Ганна вздохнула. Белая шея выгнулась, и у комиссара потемнело в глазах. Он захотел разорвать это горло зубами, втиснуть между ключичных углов свою прямоугольную голову, лишь бы на него не смотрели насмешливые украинские глаза. Правый из них коричневый или левый зеленый — не разобрать. Зеленый зрачок часто смеялся, отодвигая изумрудным хрусталиком плотскую близость, а коричневый тосковал по любви, которую когда-то пытался отыскать в комиссаре.
— Прости, но ты, Мезенцев, меня больше не волнуешь. Я не думаю о тебе. Я не люблю тебя. Мне тепло без тебя.
— А помнишь, тогда, на набережной, ты мне сказала снизу вверх: «Я ваша навеки»? Как же быть с этим?
— Что же, — усмехнулась Ганна, — даже ваш Ленин в начале семнадцатого года говорил, что только будущие поколения доживут до революции.
По длинному, как ХIX век, лицу скатилась капля пота. Олег облизал нецелованные губы и мужественно кивнул. За окном по-прежнему была Самара, по Волге пароход тянул баржу с углем, и это означало, что один глаз у Ганны был зеленым, а другой коричневым.
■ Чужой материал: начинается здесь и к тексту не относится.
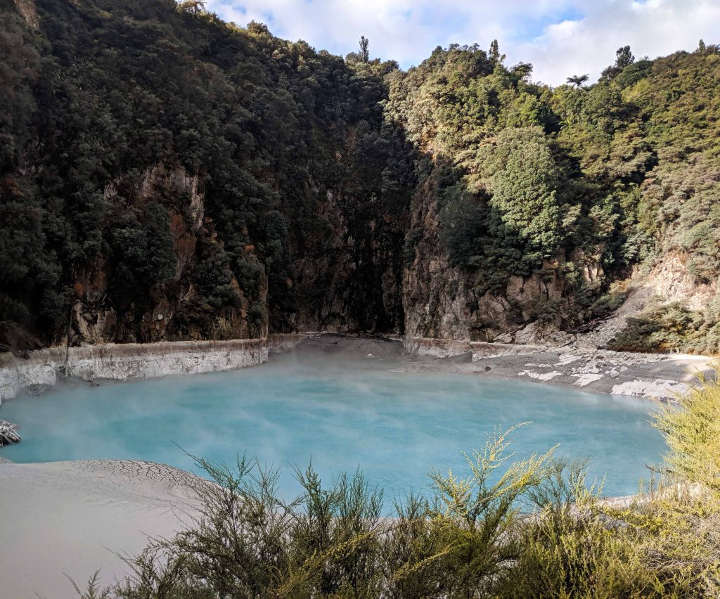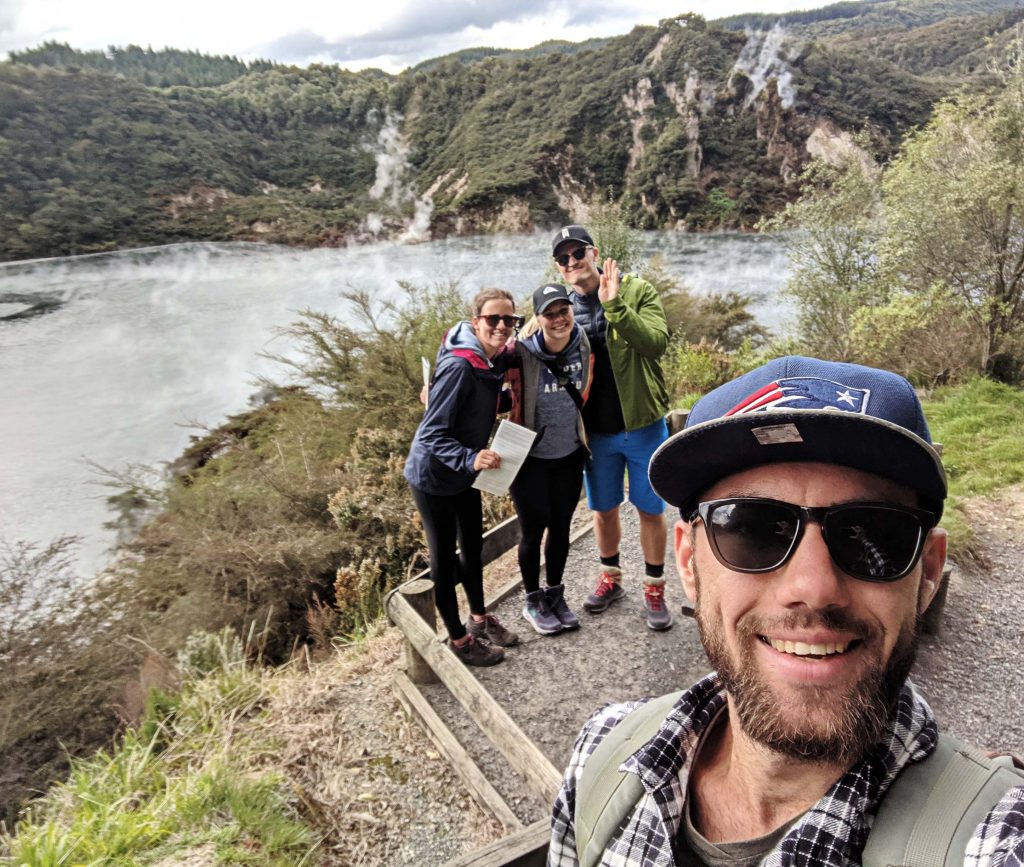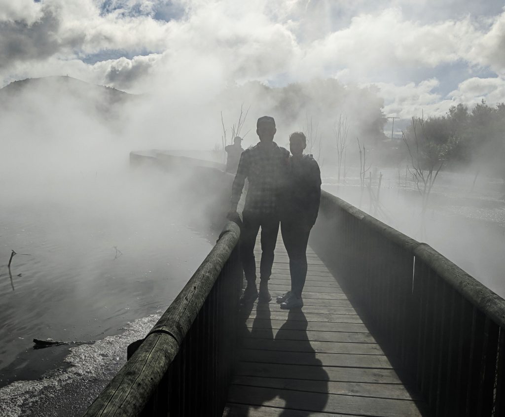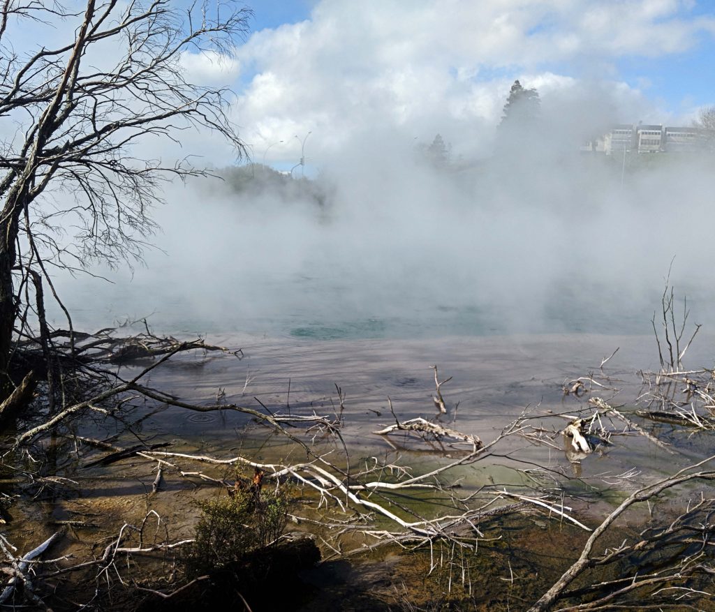 Danach trennten sich unsere Wege erstmal für die Suche eines geeigneten Nachtquartiers bevor wir uns am nächsten Tag ein paar Kilometer weiter südlich in Rotorua wieder trafen. Auch hier gibt es etwas Heißes zu entdecken: Den Kuirau Park. Heiß deshalb, weil es auch hier heiße Quellen gibt und dadurch blubbernde Pools entstehen – teils dampfend, teils matschig, teils auch sehr muffig. Aber auf jeden Fall ein Erlebnis! Und das ganze „for free“ inmitten der Stadt. Man muss also keine teure Tour durch andere geothermale Parks buchen, die ebenfalls angeboten werden.

Больше всего Мезенцева поразило, что Ганна даже не заплакала, вообще никак не выразила своих чувств. Точно речь шла о прочитанной книге или кооперативном обеде. Это он должен быть холоден, а не она. Женщина насмешливо смотрела на Мезенцева двухцветным взглядом.
— Ну, что будешь делать? Арестуешь меня?
— Нет.
— Тогда стишок расскажешь? Хочешь, я тебе стульчик принесу?
— Не надо стульчик, — вздохнул комиссар.
— На свете есть хорошая русская поговорка: насильно мил не будешь. Вот ты, твоя партия, твои вожди и их методы — это все насильно. Я так не хочу. Никто так не хочет, кроме вас. Ты ко мне относишься так же, как вы относитесь к народу, — почему-то считаете, что мы обязаны вас любить.
Мезенцев молчал. Он думал. Хотелось сказать эсерке что-нибудь хлесткое, но с туманной горчинкой. Чтобы женщина запомнила и, когда умирать будет, ссохнувшаяся или молодая, от болезни или в руках чужого супруга, обязательно заплакала, осознав, что ее Олег из прошлого оказался во всем и навсегда прав.
— Так что? Я жду, — прищурилась на Мезенцева Ганна.
— Ты дура, — сказал он ей, — и народники твои — говно.
Затомив тоску в крови, Мезенцев ринулся в Москву. Там комиссара отправили в Тамбов — делать хлебную революцию. Мезенцев ликовал. Плевать ему было на хлеб: комиссар его вообще не ел. Хотелось вернуть Ганну, которая мотыльком полетела на крестьянское восстание. Мезенцев не знал или не хотел знать, что Ганна крепко держала обещание и ни одной мыслью не выдала себя комиссару. А он так не мог. Он любил. Как вообще можно любить женщину с фамилией Губченко? С такой фамилией варят веселый борщ с галушками. А Мезенцев любил, любил наперекор своему высокому росту, любил так, что получался крест.